EdgeCompiler is a **native Apple Silicon compiler toolchain** that liberates the
Google Coral USB Accelerator from its x86‑64 Debian shackles.  It replaces the
official `edgetpu_compiler` and **runs entirely on a MacBook M1/M2/M3 Pro**,
accepting models from PyTorch (`.pt`), ONNX, TensorFlow, and TensorFlow Lite, then
compiling them into device‑ready `*_edgetpu.tflite` files **without Docker, virtual
machines, or Rosetta emulation**.

## Why This Exists

Google’s Coral USB is a tiny, low‑power inferencing beast, but its official
compiler has three deal‑breakers:

1.  **Locked to Debian Linux + x86‑64** – Mac users must spin up a VM or a
    separate Linux machine just to compile a model.
2.  **TFLite‑only input** – PyTorch, ONNX, and Keras models require clumsy
    conversions before the Coral compiler can even look at them.
3.  **Zero Apple Silicon support** – Even the runtime is tricky to install
    natively, and the compiler simply doesn’t exist for `arm64`.

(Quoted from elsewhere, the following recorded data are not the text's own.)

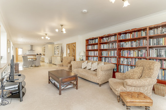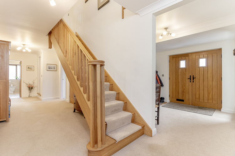 At first floor, there is a spacious landing with a door leading to an east facing balcony. Guest cloakroom WC. A main feature of Oversale is the first floor lounge that offers an open fire and views to 2 sides and a balcony that is South facing which overlooks the formal lawns and Paddock.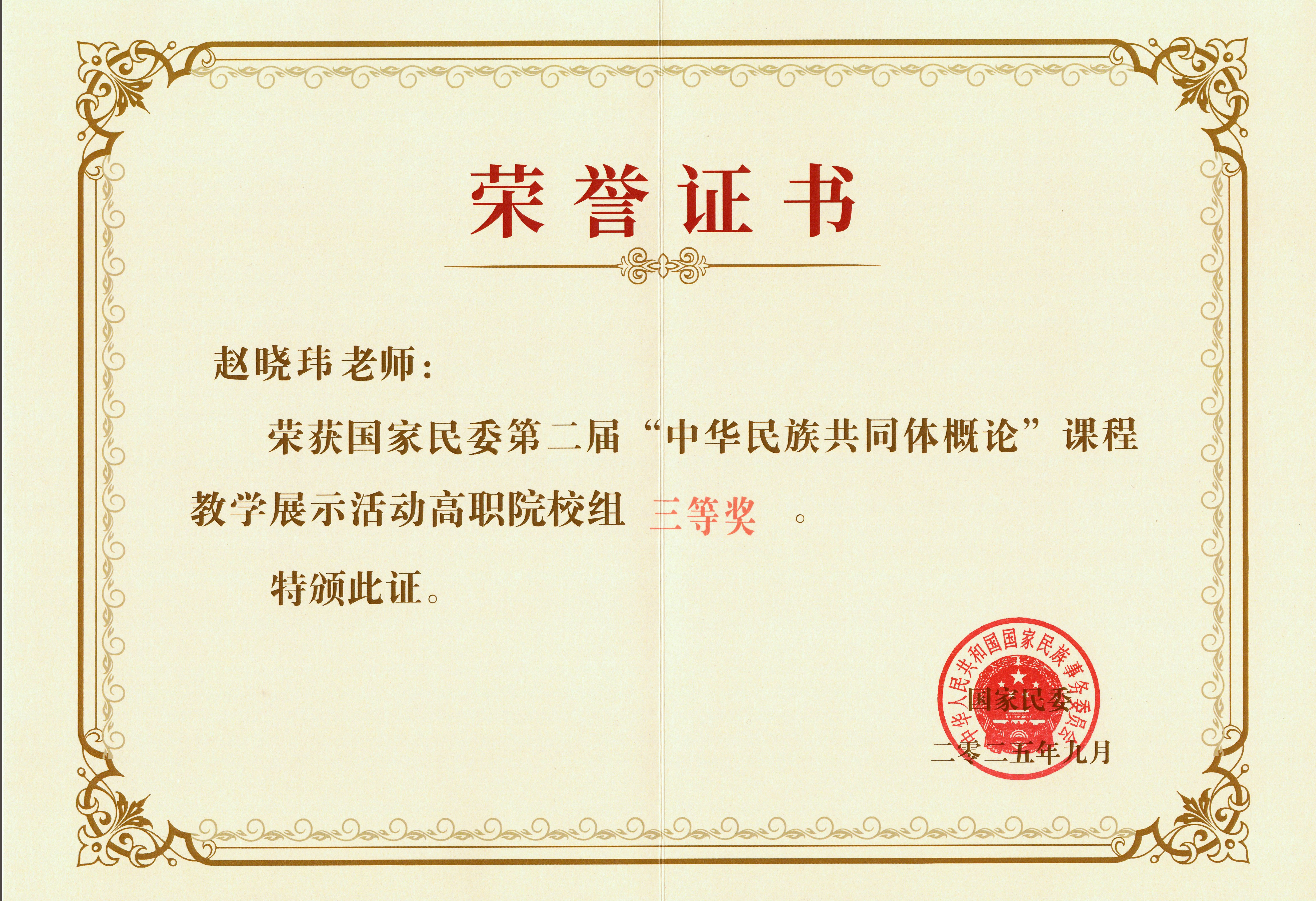 9月17日至19日,由国家民委主办、教育部协办、中南民族大学与高等教育出版社共同承办的第二届《中华民族共同体概论》课程教学展示活动在湖北武汉成功举办。我校马克思主义学院教师赵晓玮在本次展示活动中荣获高职组三等奖。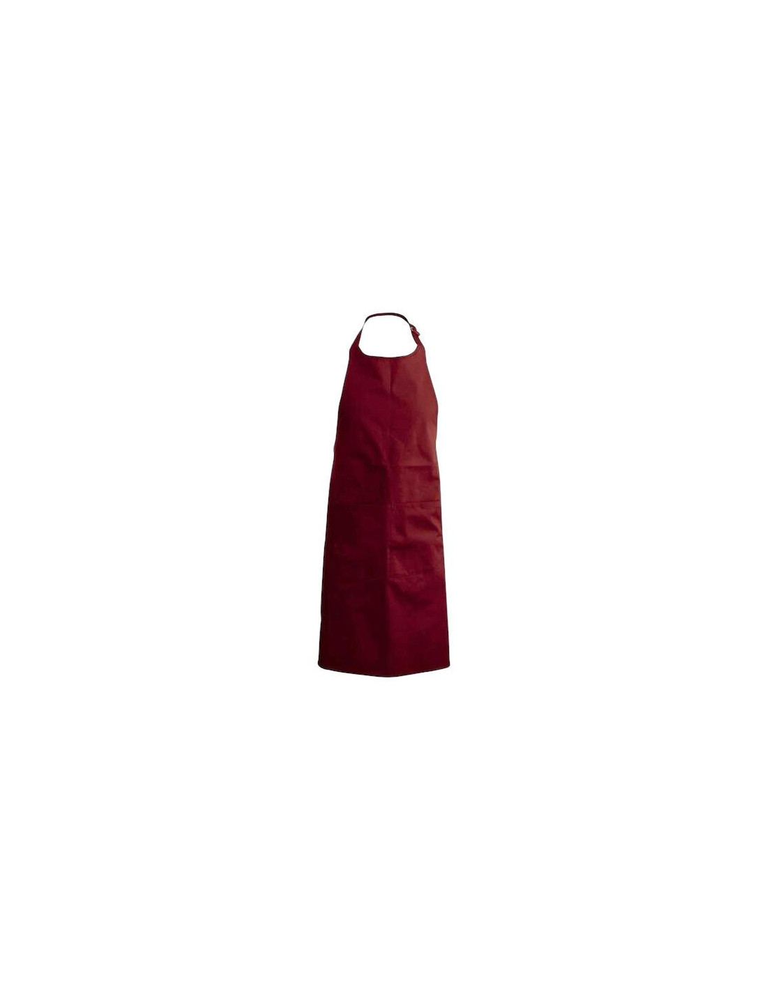 100% cotton apron 250g/m². 2 colors available: black, wine red. Dimensions 70x90cm. 2 pockets on the front. Neck adjustment buckle. Screen printing.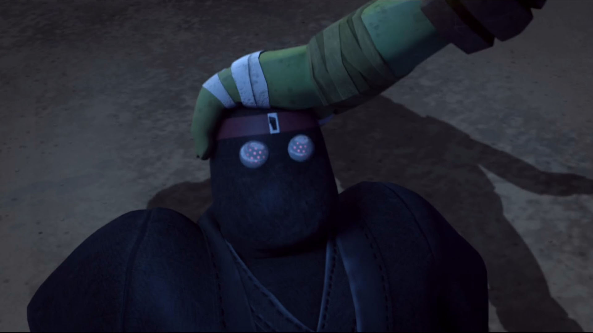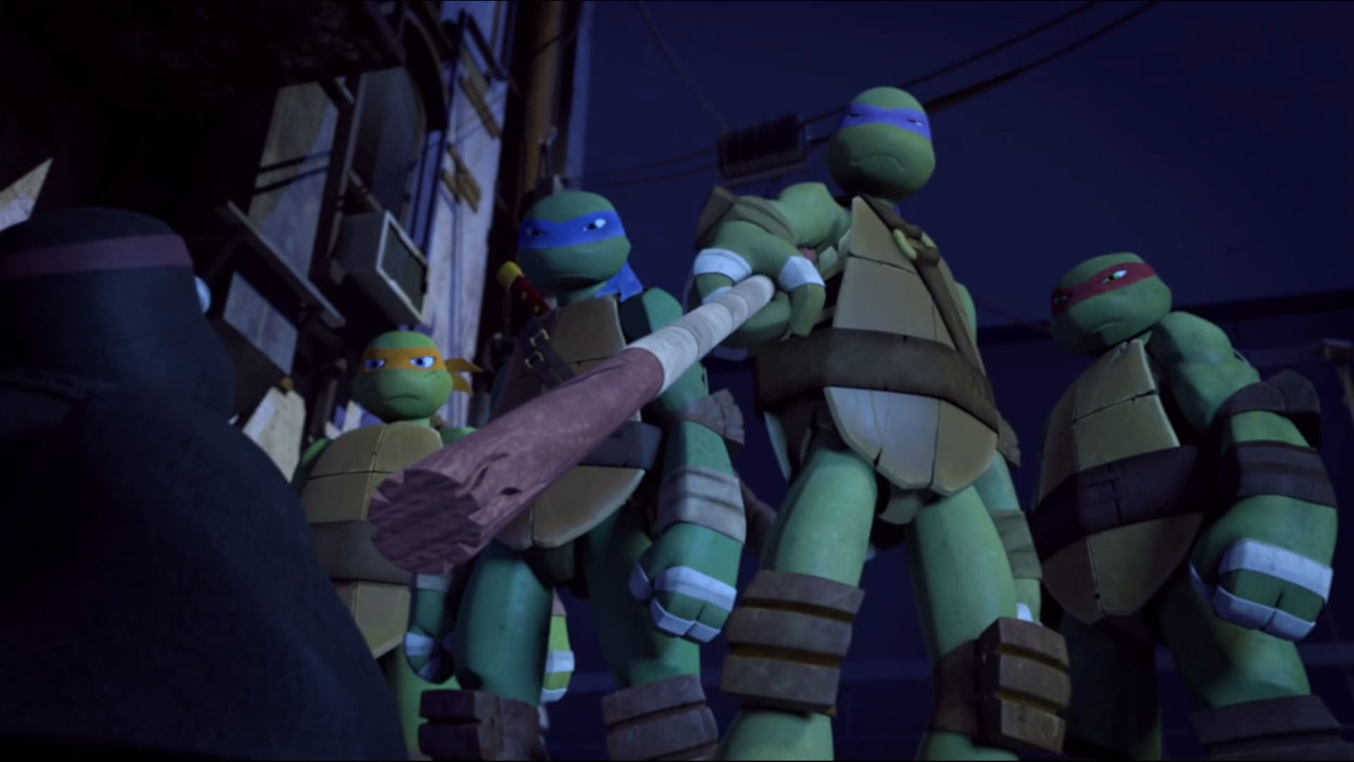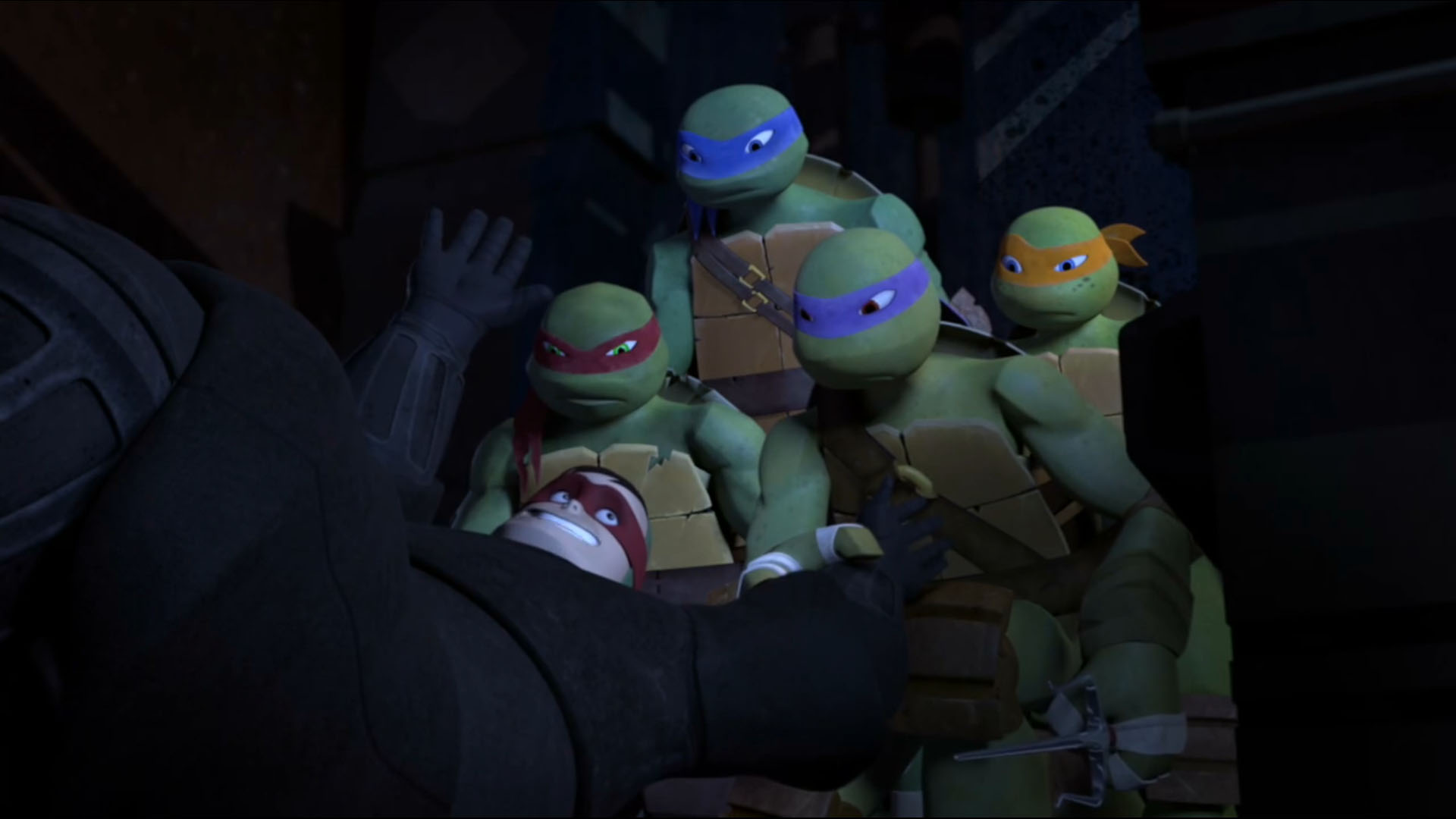 La soirée ne faisait que commencer pour les tortues, qui s’étaient dirigées vers la tour du T.C.R.I. pour surveiller les kraangs. Mais rien ne se passait et Raphael commençait à s’impatienter. Finalement, après quelques instants, Leonardo voyait un homme en noir s’approcher de la tour et essayer d’y entrer depuis un conduit d’aération. Il faisait peine à voir, mais les tortues étaient d’avis de le surprendre. À peine étaient-elles arrivées au sol qu’elles tombaient dans une embuscade du Foot Clan. En quelques instants, une fois encore, les hommes se faisaient balayer par les quatre frères mutants. Il ne restait bientôt plus que le lourdaud malhabile, qui n’avait pas vu les siens prendre la poudre d’escampette. Soudain, il voyait les tortues et les suppliait de l’épargner. Il semblait même les connaître ! Donatello retirait sa cagoule et se rendait compte qu’il s’agissait du Pulverizer ! Les tortues n’étaient clairement pas aussi contentes de le revoir que lui. Et surtout, que faisait-il avec le Foot Clan ?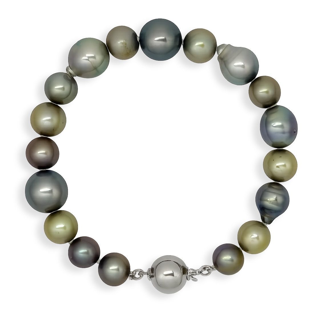 The Forrest Love Pearl Bracelet combines 10mm Tahitian Round Pearls, 9mm Tahitian Baroque Pearls, Color Enhanced Green Freshwater Pearls finished with a Silver Ball Clasp. Each Bracelet is 7 inches.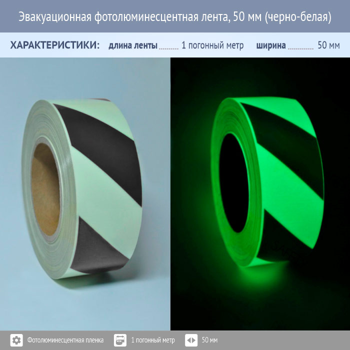 Эвакуационная фотолюминесцентная лента, 50 мм (черно-белая)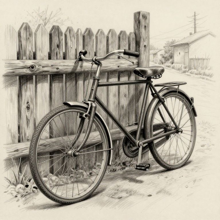 Art sketch of a vintage bicycle leaning against a rustic wooden fence, careful pencil shading highlights textures of metal and wood, subtle background elements hint at an old countryside road, warm nostalgic atmosphere portrayed through delicate line work.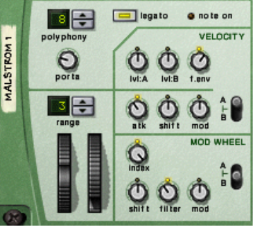 • This sets modulation wheel control of the Shift parameter of osc:A and/or osc:B (see “Controlling playback of the graintable”).
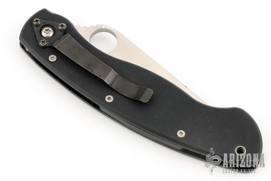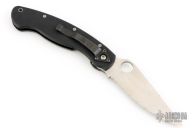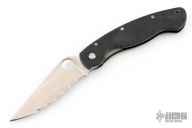This Military folder by Spyderco has a satin finished fully serrated blade with thumbhole. The handle has black G-10 scales with an inlaid stainless steel liner lock. Has some light scuffs and scratches. Has a little rusting on the blade. Great condition otherwise.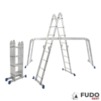 в конструкції сходів використовуються шарнірні з’єднання, що дає можливість трансформувати пристрій в двосторонню драбину, поміст або пряму сходи.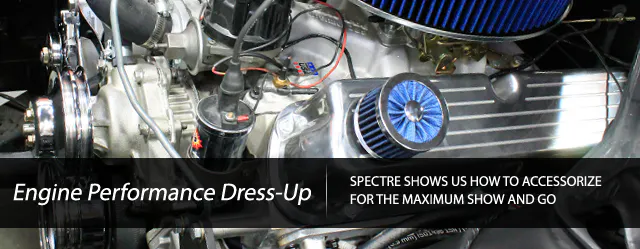We brought in a 1966 Ford Mustang with a 289ci V8 for this article in order to install and inspect several Spectre Performance products. The fact is that the company also offers a broad array of goodies for a wide variety of cars and trucks, including GM, Ford, and Chrysler, as well as all kinds of hot rods and customs. Automotive enthusiasts are not limited to what can be found in auto parts chain stores, as Spectre’s extensive line of products goes far beyond what any store can stock on its shelves.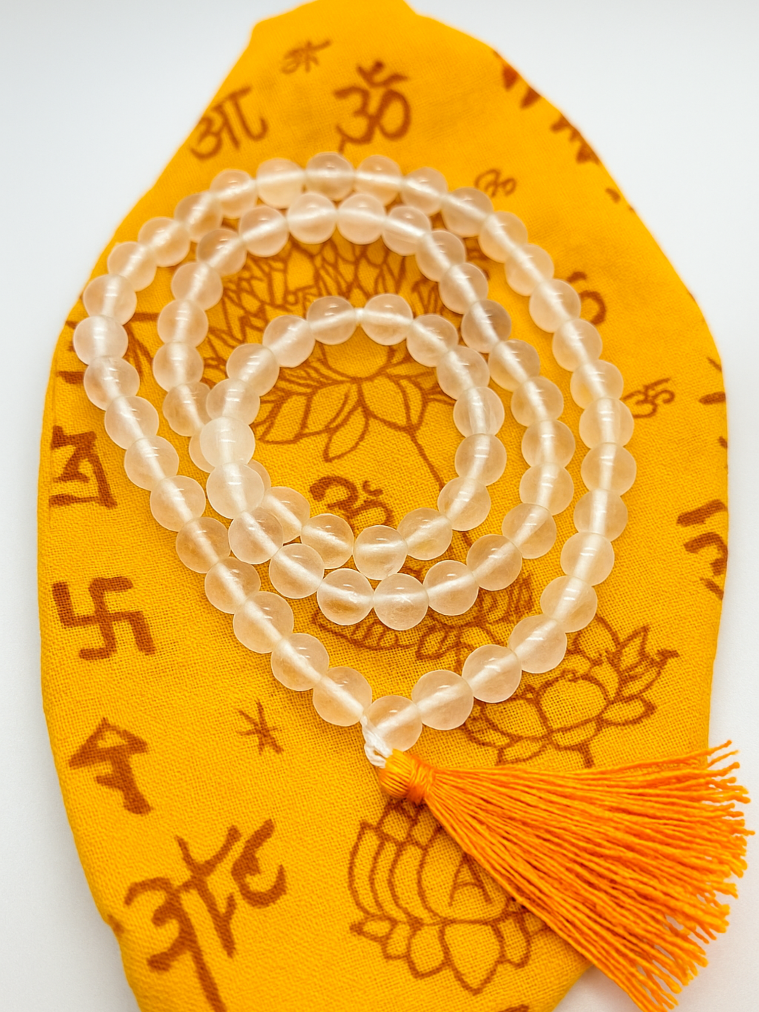 • Beads:108 + 1 (Guru bead) natural Clear Quartz (Sphatik)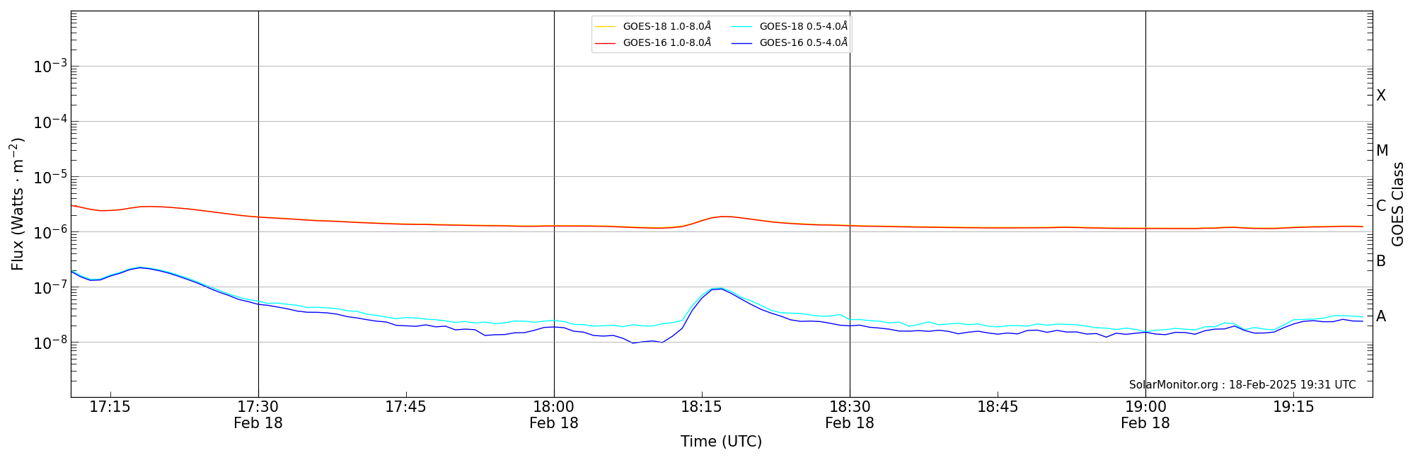 | 2025-02-18T18:11:00 | 18:17:00 | 18:23:00 | -6, 89 | 13992 | C1.8 | HEK : SSW Latest Events |

EdgeCompiler fixes all of this.  It runs **natively on Apple Silicon**, gives you
a single‑command pipeline from **any major framework** to a compiled Edge TPU
model, and even generates **Metal‑optimised GPU code** when you want to run
inference directly on the M1 Pro chip instead.

With EdgeCompiler, you can prototype on your Mac, quantise and compile for the
Coral USB, and then **offload 100% of the inference compute to the Edge TPU** –
freeing your CPU/GPU entirely.  The entire toolchain is modular, test‑driven, and
designed to be easily extended to other accelerators (Hailo‑8, Intel VPU, etc.).

## Optional UnsLoth Integration

Because the best Edge TPU models are often tiny, efficient architectures that
have been **fine‑tuned for a specific task**, EdgeCompiler ships with an optional
integration for **[Unsloth](https://github.com/unslothai/unsloth)**.  Unsloth is a
lightning‑fast fine‑tuning engine that makes training quantised‑aware models
2–5 × faster while using less memory.

With `edgecompiler + unsloth`, you can:

- Fine‑tune a MobileNet, EfficientNet, or even a small transformer **directly on
  your MacBook** with QAT (Quantisation‑Aware Training).
- Export the trained model through EdgeCompiler’s pipeline and deploy it to the
  Coral USB in **one command**.
- Iterate on your model without ever leaving the Apple Silicon ecosystem.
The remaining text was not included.